Association of Scheduled vs Emergency-Only Dialysis With Health Outcomes and Costs in Undocumented Immigrants With End-stage Renal Disease
Published in: JAMA Internal Medicine, Volume 179, Issue 2, pages 175–183 (2019). doi: 10.1001/jamainternmed.2018.5866
Posted on RAND.org on November 17, 2020
In 40 of 50 US states, scheduled dialysis is withheld from undocumented immigrants with end-stage renal disease (ESRD); instead, they receive intermittent emergency-only dialysis to treat life-threatening manifestations of ESRD. However, the comparative effectiveness of scheduled dialysis vs emergency-only dialysis and the influence of treatment on health outcomes, utilization, and costs is uncertain.
To compare the effectiveness of scheduled vs emergency-only dialysis with regard to health outcomes, utilization, and costs in undocumented immigrants with ESRD.
Design, Setting, and Participants
Observational cohort study of 181 eligible adults with ESRD receiving emergency-only dialysis in Dallas, Texas, who became newly eligible and applied for private commercial health insurance in February 2015; 105 received coverage and were enrolled in scheduled dialysis; 76 were not enrolled in insurance for nonclinical reasons (eg, lack of capacity at a participating outpatient dialysis center) and remained uninsured, receiving emergency-only dialysis.

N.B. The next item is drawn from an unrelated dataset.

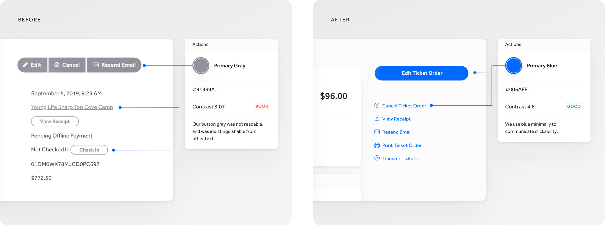 - Clickability: We no longer allowed color to be flourish or flair, but pure and simple - color communicates clickability.

We examined data on eligible persons during a 6-month period prior to enrollment (baseline period, August 1, 2014–January 31, 2015) until 12 months after enrollment (follow-up period, March 1, 2015–February 29, 2016), with an intervening 1-month washout period (February 2015). All participants were undocumented immigrants; self-reported data on immigration status was collected from Parkland Hospital electronic health records.
Enrollment in private health insurance coverage and scheduled dialysis.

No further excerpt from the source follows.